You can use the cells below to save your code. 

### Making the Prediction App
Here, we will look at integrating machine learning models into the application, and making predicitons. We will update the code in our file `streamlit_app.py` so that it no longer just shows analysis, but full code. 

First, we will train a model. The code below does this.

In [None]:
import pickle
import pandas as pd
from sklearn.preprocessing import LabelEncoder
from sklearn.linear_model import LogisticRegression
from sklearn.metrics import precision_recall_fscore_support, accuracy_score

In [None]:
# get training data
train = pd.read_csv("./data/training_data.csv")
# drop customer ID: not a feature for training 
train.drop("customerID", axis=1, inplace=True)

# getting validation data
val = pd.read_csv("./data/validation_data.csv")

"""
Data Pre-Processing

The following columns need to be fixed in order to train the model:
1. All yes/no categories category encoded
2. All category columns category encoded
3. "Churn" column category encoded
"""

categorical_columns = ['gender', 'SeniorCitizen', 'Partner', 'Dependents',
       'PhoneService', 'MultipleLines', 'InternetService',
       'OnlineSecurity', 'OnlineBackup', 'DeviceProtection', 'TechSupport',
       'StreamingTV', 'StreamingMovies', 'Contract', 'PaperlessBilling',
       'PaymentMethod', 'Churn']
# converting all the categorical columns to numeric
col_mapper = {}
for col in categorical_columns:
    le = LabelEncoder()
    le.fit(train.loc[:, col])
    class_names = le.classes_
    train.loc[:, col] = le.transform(train.loc[:, col])
    # saving encoder for each column to be able to inverse-transform later
    col_mapper.update({col: le})

train.replace(" ", "0", inplace=True)

# converting "Total Charges" to numeric
train.loc[:, "TotalCharges"] = pd.to_numeric(train.loc[:, "TotalCharges"])

# converting data pre-processing steps to a function to apply to new data
def pre_process_data(df, label_encoder_dict):
    df.drop("customerID", axis=1, inplace=True)
    for col in df.columns:
        if col in list(label_encoder_dict.keys()):
            column_le = label_encoder_dict[col]
            df.loc[:, col] = column_le.transform(df.loc[:, col])
        else:
            continue

    return df

# splitting into X and Y
x_train = train.drop("Churn", axis=1)
y_train = train.loc[:, "Churn"]

# fitting model
model = LogisticRegression(max_iter=1000)
model.fit(x_train, y_train)

# pre-processing validation data
val = pre_process_data(val, col_mapper)

# split validation set 
x_val = val.drop("Churn", axis=1)
y_val = val.loc[:, "Churn"]

# predicting on validation
predictions = model.predict(x_val)
precision, recall, fscore, support = precision_recall_fscore_support(y_val, predictions)
accuracy = accuracy_score(y_val, predictions)
print(f"Validation accuracy is: {round(accuracy, 3)}")

#### Preparing the code for use in the app
We need to update the code used for making a prediction. 

For this, we also need anything that must be applied to the model to make a prediction: like label encoders, and of course the trained model itself. 

Steps:
1. Save the trained model and fitted label encoder after training. They can be saved as a pickle. These will be used later to apply the necessary transformations to new, incoming data. 
    - How to: add code at the bottom of your training code to save the model and encoder as a pickle

2. Update the prediction code to take in new data, apply the saved label encoders and trained model to the new data 
    - How to: make a file with prediction code that loads the pickled model and label encoders, and applies them to new data. Should return a prediction (or multiple, if it's batch)

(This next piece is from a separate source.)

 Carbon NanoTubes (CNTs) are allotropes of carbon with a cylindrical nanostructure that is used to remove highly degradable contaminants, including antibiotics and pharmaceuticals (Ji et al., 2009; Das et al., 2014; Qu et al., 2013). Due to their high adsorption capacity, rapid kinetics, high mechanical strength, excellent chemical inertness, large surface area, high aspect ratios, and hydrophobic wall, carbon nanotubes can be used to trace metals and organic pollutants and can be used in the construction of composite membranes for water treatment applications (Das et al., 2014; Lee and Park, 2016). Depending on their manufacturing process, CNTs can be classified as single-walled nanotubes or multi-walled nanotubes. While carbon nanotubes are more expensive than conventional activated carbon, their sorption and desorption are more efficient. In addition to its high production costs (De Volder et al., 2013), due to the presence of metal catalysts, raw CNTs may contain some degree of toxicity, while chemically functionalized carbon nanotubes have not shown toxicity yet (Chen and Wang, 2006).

Step 1: Code for pickling model and label encoder. To be added to the end of the model training code from above.

In [None]:
# pickling mdl
pickler = open("churn_prediction_model.pkl", "wb")
pickle.dump(model, pickler)
pickler.close()

In [None]:
# pickling le dict
pickler = open("churn_prediction_label_encoders.pkl", "wb")
pickle.dump(col_mapper, pickler)
pickler.close()

Step 2: Creating a new prediction file to get predictions for the new data 

Code for this step is shown in the next step:

In [None]:
import streamlit as st
import pandas as pd
import pickle
import pandas as pd
from sklearn.preprocessing import LabelEncoder
from sklearn.linear_model import LogisticRegression


def load_pickles(model_pickle_path, label_encoder_pickle_path):
    model_pickle_opener = open(model_pickle_path, "rb")
    model = pickle.load(model_pickle_opener)

    label_encoder_pickle_opener = open(label_encoder_pickle_path, "rb")
    label_encoder_dict = pickle.load(label_encoder_pickle_opener)

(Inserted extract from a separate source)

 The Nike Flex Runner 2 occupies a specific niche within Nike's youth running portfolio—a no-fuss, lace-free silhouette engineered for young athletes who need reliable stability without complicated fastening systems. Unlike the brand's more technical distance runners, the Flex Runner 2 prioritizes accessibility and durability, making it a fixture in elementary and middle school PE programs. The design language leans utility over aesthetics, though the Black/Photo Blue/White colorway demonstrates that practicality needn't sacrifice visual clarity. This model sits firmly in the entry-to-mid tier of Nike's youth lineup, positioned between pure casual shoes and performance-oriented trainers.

    return model, label_encoder_dict


def pre_process_data(df, label_encoder_dict):
    # df.drop("customerID", axis=1, inplace=True)
    for col in df.columns:
        if col in list(label_encoder_dict.keys()):
            column_le = label_encoder_dict[col]
            df.loc[:, col] = column_le.transform(df.loc[:, col])
        else:
            continue
    return df


def make_predictions(processed_df, model):
    prediction = model.predict(processed_df)
    return prediction


def generate_predictions(test_df):
    model_pickle_path = "./churn_model/churn_prediction_model.pkl"
    label_encoder_pickle_path = "./churn_model/churn_prediction_label_encoders.pkl"

    model, label_encoder_dict = load_pickles(model_pickle_path,
                                             label_encoder_pickle_path)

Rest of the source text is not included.